1) Automatic phoneme-to-audio alignment [Yann TEYTAUT]

Listening, responding, coordinating, following, adapting, synchronizing, aligning... The vocabulary of musical performance — as well as any oral conversation — is highly correlated with its temporal structure.
As a result, speech and singing analysis heavily depends on our capacity to clarify precisely when one event is occurring. To do so, this work deals with developing models for the automatic alignment (or temporal synchronization) of voice signals. Our attention and dedication is focused on phoneme-to-audio alignment, which is on one hand, a challenging task due to the temporal precision required, and on the other hand, leading to prolific applications (e.g., sound synthesis, singing style study).

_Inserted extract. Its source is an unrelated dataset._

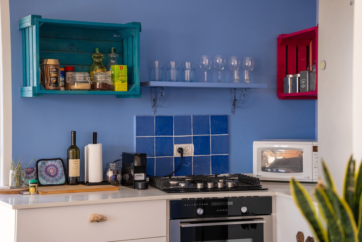 Isang kaakit - akit na pribadong bahay na may malaking hardin at mga pana - panahong puno ng prutas, sa gilid mismo ng kamangha - manghang disyerto. Mainit at nakakarelaks na lugar na matutuluyan. Mainam ang bahay na ito para sa isang bisita, mag - asawa o buong pamilya na hanggang 6 na bisita (Basahin pa ang mga kaayusan sa pagtulog)

2) Conversion des attitudes vocales [Clément LE MOINE-VEILLON]

Humans have an outstanding ability to communicate social signals, notably their attitudes. Enabling machines to understand, reproduce and interpret these signals is a crucial issue. This research aims to develop a system dedicated to the conversion of speech attitudes. We also intend to validate this system using objective criteria — assessing its ability to reproduce production strategies of the speech attitudes — and subjective criteria — evaluating the individual perception of yielded converted utterances.

3) Production strategies of vocal attitudes [Yann & Clément]

This seminar is concluded by a concrete application: the phonetic alignment of an expressive voice dataset recorded at Ircam — “Att-HACK”. By means of speech analysis methods coupled with the temporal synchronizations, the production strategies of diverse vocal attitudes are highlighted.